令和2事務年度の法人税調査 簡易な接触は前年比1.5倍の6万8千件
2021/12/08
国税庁はこのほど、令和2事務年度法人税等の調査事績の概要を公表した。
それによると、資料情報と提出された申告書などの分析・検討を行った結果、大口・悪質な不正計算が想定されるなど、調査必要度が高い法人2万5千件(前年対比32.7%)について実地調査を実施したところ、法人税の非違があったのは2万件(同35.0%)、その申告漏れ所得金額は5286億円(同67.7%)、追徴税額は1207億円(同73.4%)だった。
また、申告内容に誤りなどが想定される納税者等に対して、税務署において書面や電話による連絡や来署依頼による面接により、納税者に対して自発的な申告内容の見直しなどを要請する「簡易な接触」を行っているが、令和2事務年度においては自発的な申告内容等の見直し要請を6万8千件(同156.5%)実施。その結果、申告漏れ所得金額は76億円(同179.2%)、追徴税額は62億円(同228.7%)、調査1件当たりの追徴税額は780万6千円(同249.0%)となっている。
法人消費税については、9万5千件(同101.4%)の実地調査を行い、このうち消費税の非違があった法人は5万6千件(同100.6%)、追徴税額は800億円(同106.9%)だった。
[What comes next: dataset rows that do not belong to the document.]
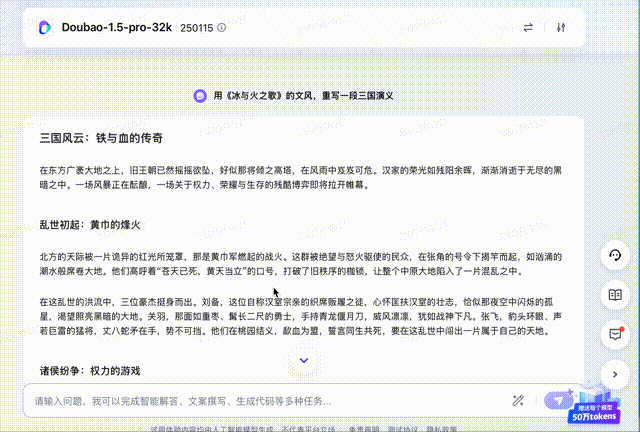 接下来,上难度了!让豆包用西方史诗作品《冰与火之歌》的文风改写《三国演义》,效果惊艳,中国古典名著分分钟爆改西方中世纪文学,诸侯纷争秒变“权力的游戏”,“汉家的荣光如残阳余晖……一场关于权力、荣耀与生存的残酷博弈即将拉开帷幕。”
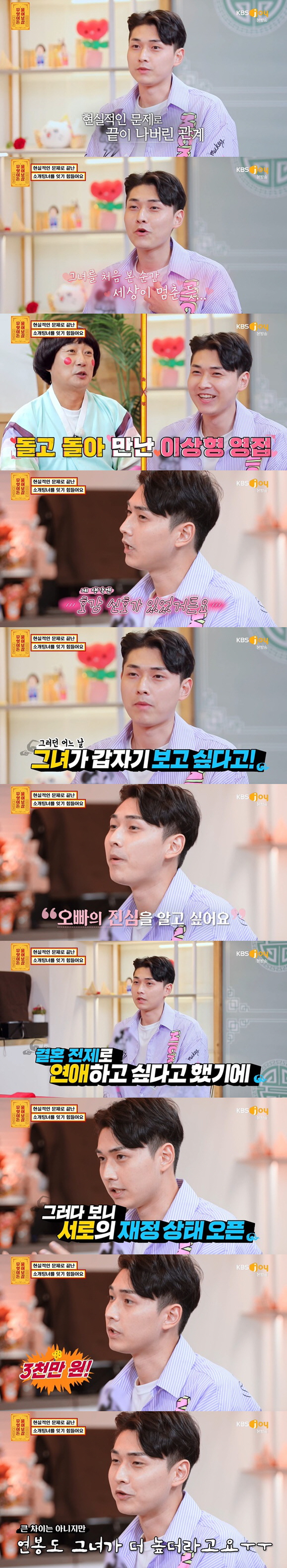 어느날 밤 그녀의 보고싶다는 말 한마디에 바로 집 앞으로 달려갔다는 의뢰인은 "'너는 왜 나랑 안 사귀냐'고 물어봤더니 '오빠가 고백을 안했잖아요'라고 하더라. 그러면서 가볍게 만나는 건 싫다며 결혼에 대해 진지한 이야기를 바랐다"며 "결혼 가치관에 대해서 대화를 나눴다. 현실적인 부분도 얘기를 나눴고 결국 재정 상태를 오픈하게 됐다. 그녀가 어느 정도 돈을 모아뒀냐고 물어보더라. 솔직하게 3천만원 정도 모았다고 말했고, 부모님께 도움은 못 받는다고도 알렸다. 그런데 그녀는 저축한 돈에 부모님 지원까지 받을 수 있다고 하더라. 또 서로 연봉도 공개했는데 그분이 저보다 높더라"고 전했다.
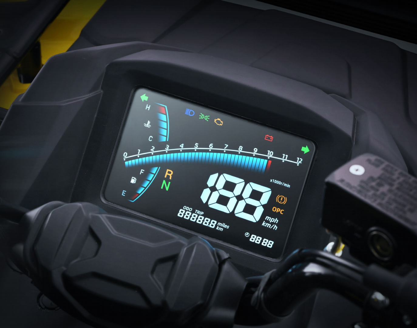7”LCD Instrument Cluster: real-time speed, gear, fuel, and tire pressure at your glance

新型コロナの影響により、調査件数は大幅に減少したが、調査1件当たりの追徴税額は増加するほか、簡易な接触による追徴税額も大きく伸びている。
主な取組みとしては、虚偽の申告により不正に消費税の還付金を得ていると認められる法人を的確に選定し、厳正な調査を実施。令和2事務年度は、消費税還付申告法人のうち3066件(同52.5%)に実地調査を行い、消費税219億円(同103.0%)を追徴課税した。また、そのうち510件(同72.1%)は不正に還付金額の水増しなどを行っており、34億円(同137.1%)を追徴課税した。
また、国税庁では、無申告法人を的確に管理するとともに、稼働無申告法人に対する調査についても重点的に取り組んでいる。令和2事務年度においては、事業を行っていると見込まれる無申告法人に実地調査を実施し、法人税51億4300万円(同80.7%)、消費税110億3800万円(同209.2%)、合わせて161億8100万円(同138.9%)を追徴課税した。このうち、稼働している実態を隠し、意図的に無申告であった法人に対して法人税33億700万円(同79.8%)、消費税61憶5100万円(同326.2%)を追徴課税した。
そのほか、海外取引法人等については、国外送金等調書をはじめとした資料情報等から選定し、租税条約等に基づく情報交換制度を積極的に活用するなど、深度ある調査を実施。令和2事務年度は、実地調査を4569件(同34.8%)実施したところ、1424件(同39.2%)において海外取引等に係る非違があり、申告漏れ所得金額を1530億円(同63.5%)把握した。